Generationen im Überblick
Wer sind überhaupt die Babyboomer?
Aktualisiert am 25.08.2025Lesedauer: 4 Min.
Die Babyboomer gehen jetzt auf die Rente zu, was Diskussionen über die Finanzierbarkeit des Sozialstaats anheizt. Doch wer sind diese Boomer?
Boomer sind leicht zu erkennen. Sie tippen mit einem Finger auf dem Handy. Sie verharren ewig im Status „schreibt“ und schicken dann doch nur einen Satz. Sie benutzen Emojis falsch, zum Beispiel wissen sie nicht, dass das weinende Gesicht ausschließlich ironisch verwendet werden sollte. Sie drucken E-Tickets aus, um für ein eventuelles Versagen ihres Akkus gerüstet zu sein.

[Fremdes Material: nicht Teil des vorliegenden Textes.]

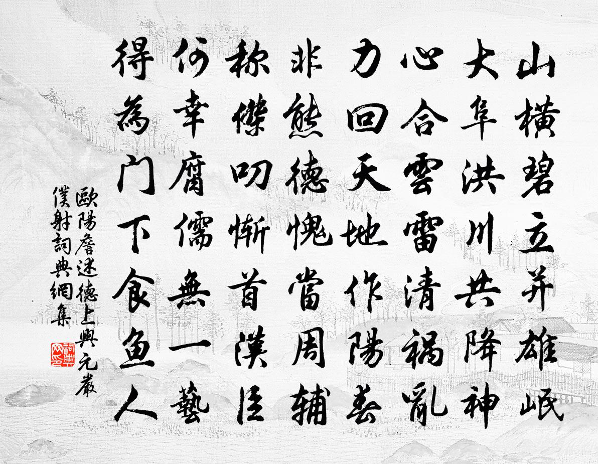 詩詞名句歷史字典書法欣賞書法字典國語詞典說文解字康熙字典古漢語字典標 題 作 者 詩 句 述德上興元嚴僕射作者:歐陽詹 朝代:唐代述德上興元嚴僕射原文山橫碧立並雄岷,大阜洪川共降神。心合雲雷清禍亂,力回天地作陽春。非熊德愧當周輔,稱傑叨慚首漢臣。何幸腐儒無一藝,得為門下食魚人。詩詞問答問:述德上興元嚴僕射的作者是誰?答:歐陽詹問:述德上興元嚴僕射寫於哪個朝代?答:唐代問:述德上興元嚴僕射是什麼體裁?答:七絕歐陽詹述德上興元嚴僕射書法欣賞述德上興元嚴僕射書法作品注釋全唐詩:卷349-38詩詞推薦聞角章孝標〔唐代〕邊秋畫角怨金微,半夜對吹驚賊圍。塞雁繞空秋不下,胡云著草凍還飛。關頭老馬嘶看月,磧里疲兵淚濕衣。餘韻三謠素屏謠白居易〔唐代〕素屏素屏,胡為乎不文不飾,不丹不青?當世豈無李陽冰之篆字,張旭之筆跡?邊鸞之花鳥,張璪之松石?吾不令郊祀慶成詩程珌〔宋代〕謂聖惟鄉饗,由心克致虔。天心今答聖,聖意更祈天。沖性猶勤德,搜求愈任賢。愚臣輸至款,端在賦甘泉。久上人出丐乞頌釋正覺〔宋代〕孤禪抖擻起僧氈,掛缽寒藤著瘦肩。破夜無私看霽月,開華不染出泥蓮。底心眾事水雲餓,何處人家粥飯緣。寄語嘲高士廉木履選人〔唐代〕刺鼻何曾嚏,蹋面不知嗔。高生兩個齒,自謂得勝人。題請息齋六言范成大〔宋代〕灩澦年年似馬,太行日日摧車。笑中恐有義甫,泣里難防叔魚。致仕後即事陸游〔宋代〕不嫌雞瘦濁醪酸,草草杯盤具亦難。食指忽搖方竊喜,小兒來請賽鄱官。次梁粹錄囚上饒方岳〔宋代〕此老清如許,寧求使節知。檄分風憲重,山到月岩奇。秋色深宜雨,寒花併入詩。聖朝本仁厚,鼠輩亦吾兒。少保席間道襄州朋舊項安世〔宋代〕持杯相向各言衰,憶得襄州未老時。曉踏青山尋秀句,夜簪紅藥聽新詞。只言坐上皆豪逸,誰信人間有別離。頭白蘭亭歸途陳起〔宋代〕山水佳如此,都忘客路難。鷗明寒渚淨,雁入野田寬。事久人多厭,心清夢卻安。獨憐鸞翼遠,誰念篋衣單。夏始和劉潺陵詩謝朓〔南北朝〕威仰窗弛蒼郊窗。龍曜窗表遙甸窗。炎光麗近邑。白苹望已騁。緗荷紛可襲。徒願尺波旋。終憐寸景戢。對窗斜日偈傾一百三十三首釋法薰〔宋代〕去卻一,拈得七。通天大路,萬重鐵壁。楓橋心肝五臟,一時剖出。臭骨頭,信彩擲。百千萬種神通,只消道個不奉和吏部楊尚書太常李卿二相公策免後即事述劉禹錫〔唐代〕文雅席關西族,席衣冠趙北席都。有聲真漢相,無纇勝隋珠。當軸龍為友,臨池鳳不孤。九天開內殿,百辟看晨趨又賡宋璲韻朱元璋〔明代〕清和未至尚春風,花幕園林似錦紅。細雨只教成子速,蕊飛彩蝶最多功。長飢陸游〔宋代〕病臥窮閰負聖時,本來吾道合長飢。朝不及夕未妨樂,死何如生行自知。早年羞學仗下馬,末路幸似泥中龜。煙波小醉吳可〔宋代〕小醉初醒過竹村,數家殘雪擁籬根。風前有恨梅千點,溪上無人月一痕。雜劇·張公藝九世同居佚名〔元代〕第一折(正末領大末、二末、三未淨行錢上)(正末雲)老夫姓張名公藝,壽張縣人氏。嫡親的四口兒家屬。老夫次主簿雪韻楊萬里〔宋代〕向來一雪亦草草,天知詩人眼未飽。相傅南風為雪骨,此言未試吾不膮。胙日忽驚冬作春,暖氣吹人軟欲倒。惟余渭上秋夕閒望魏野〔宋代〕秋夕滿秦川,登臨渭水邊。殘陽初過雨,何樹不鳴蟬。極浦涵新月,孤帆沒遠煙。漁人空老盡,誰似太公賢。紹興親享明堂二十六首佚名〔宋代〕四阿有嚴,神既戾止。佃物雖們,潔誠惟已。有來振振,相我熙事。載酌陶匏,以成毖祀。名句推薦林花謝了春紅,太匆匆。無奈朝來寒雨晚來風。李煜《相見歡·林花謝了春紅》 別有根芽,不是人間富貴花。納蘭性德《採桑子·塞上詠雪花》 千形萬象竟還空,映水藏山片復重。來鵠《雲》 求備之心,可用之以修身,不可用之心接物王永彬《圍爐夜話·第一五九則》 午醉未醒紅日晚,黃昏簾幕無人卷。蘇軾《蝶戀花·蝶懶鶯慵春過半》 積土成山,風雨興焉;積水成淵,蛟龍生焉;荀子《勸學》 杪秋霜露重,晨起行幽谷。柳宗元《秋曉行南谷經荒村》 巴山重疊相逢處。燕子占巢花脫樹。張先《漁家傲·和程公辟贈》 惡之者眾則危。荀子《荀子·正論》 明敕星馳封寶劍,辭君一夜取樓蘭。王昌齡《從軍行七首》

Boomer heißen Sabine und Susanne, Thomas und Michael. Sie verwenden Wendungen wie „Gib die Flosse, Genosse“ und antworten auf „Mach’s gut“ mit „Mach’s besser“. Sie schrecken nicht davor zurück, bei Familienfeiern die 18-jährige Großnichte nach ihrem „Liebesleben“ zu fragen. Und das sind noch die harmlosen Punkte. Die wirklich ärgerlichen kommen, wenn sie ihre Meinung zum Gendern, Veganismus oder Klimawandel kundtun.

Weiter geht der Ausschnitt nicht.